▸ **STORED DATA**
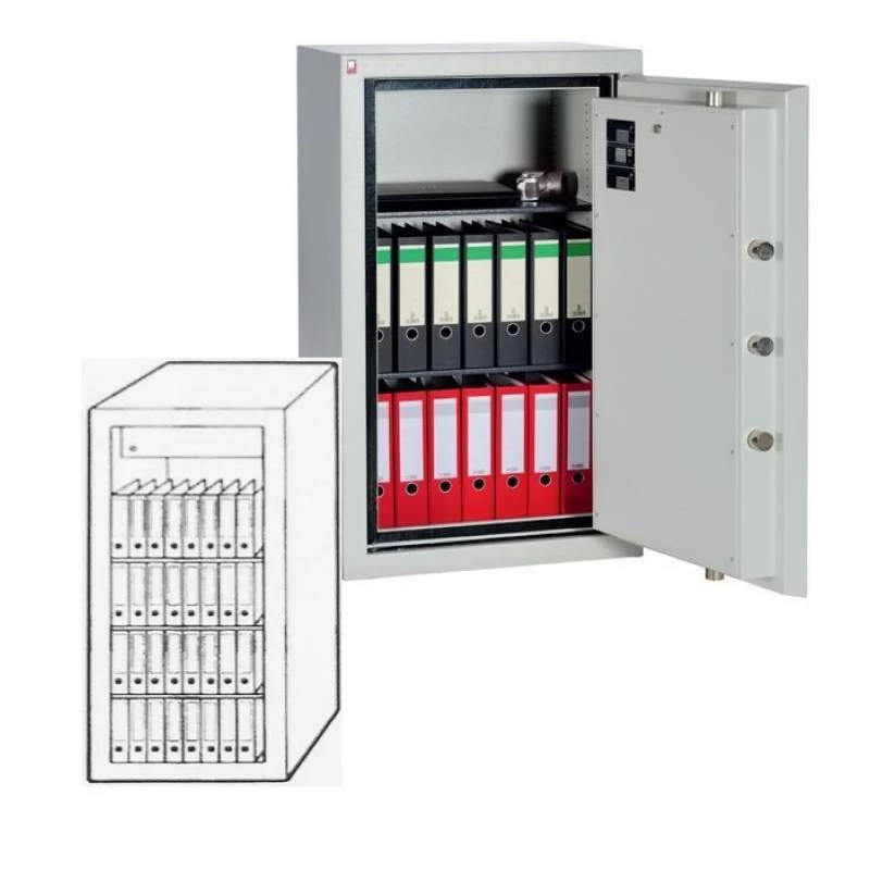 Der SE-II LFS Euroguard Wertschutzschrank von Sistec besitzt einen doppelwandigen Tresorkorpus und eine dreiwandige Tür mit einer Bohr- und Schneidbrennsicherung. Die Wandung ist für einen höheren Widerstandsgrad mit einer Spezialfüllung versehen. Die Tresortür ist mit einer dreiseitigen Verriegelung mit massiven Stahlbolzen und massiven Stahlhintergreiferschienen versehen, wodurch ein Aushebeln der Tür verhindert werden kann. Im Verschlussbereich befindet sich zudem eine formgegossene Spezialpanzerung. Ein vierseitig umlaufender Feuerfalz sorgt für eine gute Feuersicherheit.
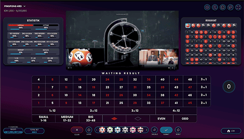 Permainan ini tersedia total 12 bola angka + 1 bola angka 0 yang disusun sesuai dengan yang terlihat pada panel betting, yakni dengan susunan warna Hitam / Merah. Taruhan yang bisa kalian pasang yaitu Small / Big Bet, Even / Odd Bet, Red / Black Bet, dan pilihan angka berapa yang akan keluar. Setiap putaran permainan PingPong 12D mengeluarkan 1 bola (angka) saja.
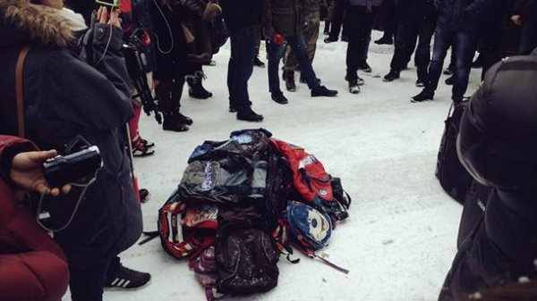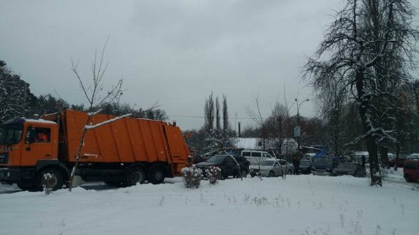 У здания также припаркованы десятки автомобилей активистов и один мусоровоз.

▸ **INSTRUCTIONS TO FOLLOW**
Please set the data above down exactly, with the pictures removed.

▸ **TASK RESULT**
 Der SE-II LFS Euroguard Wertschutzschrank von Sistec besitzt einen doppelwandigen Tresorkorpus und eine dreiwandige Tür mit einer Bohr- und Schneidbrennsicherung. Die Wandung ist für einen höheren Widerstandsgrad mit einer Spezialfüllung versehen. Die Tresortür ist mit einer dreiseitigen Verriegelung mit massiven Stahlbolzen und massiven Stahlhintergreiferschienen versehen, wodurch ein Aushebeln der Tür verhindert werden kann. Im Verschlussbereich befindet sich zudem eine formgegossene Spezialpanzerung. Ein vierseitig umlaufender Feuerfalz sorgt für eine gute Feuersicherheit.
 Permainan ini tersedia total 12 bola angka + 1 bola angka 0 yang disusun sesuai dengan yang terlihat pada panel betting, yakni dengan susunan warna Hitam / Merah. Taruhan yang bisa kalian pasang yaitu Small / Big Bet, Even / Odd Bet, Red / Black Bet, dan pilihan angka berapa yang akan keluar. Setiap putaran permainan PingPong 12D mengeluarkan 1 bola (angka) saja.
 У здания также припаркованы десятки автомобилей активистов и один мусоровоз.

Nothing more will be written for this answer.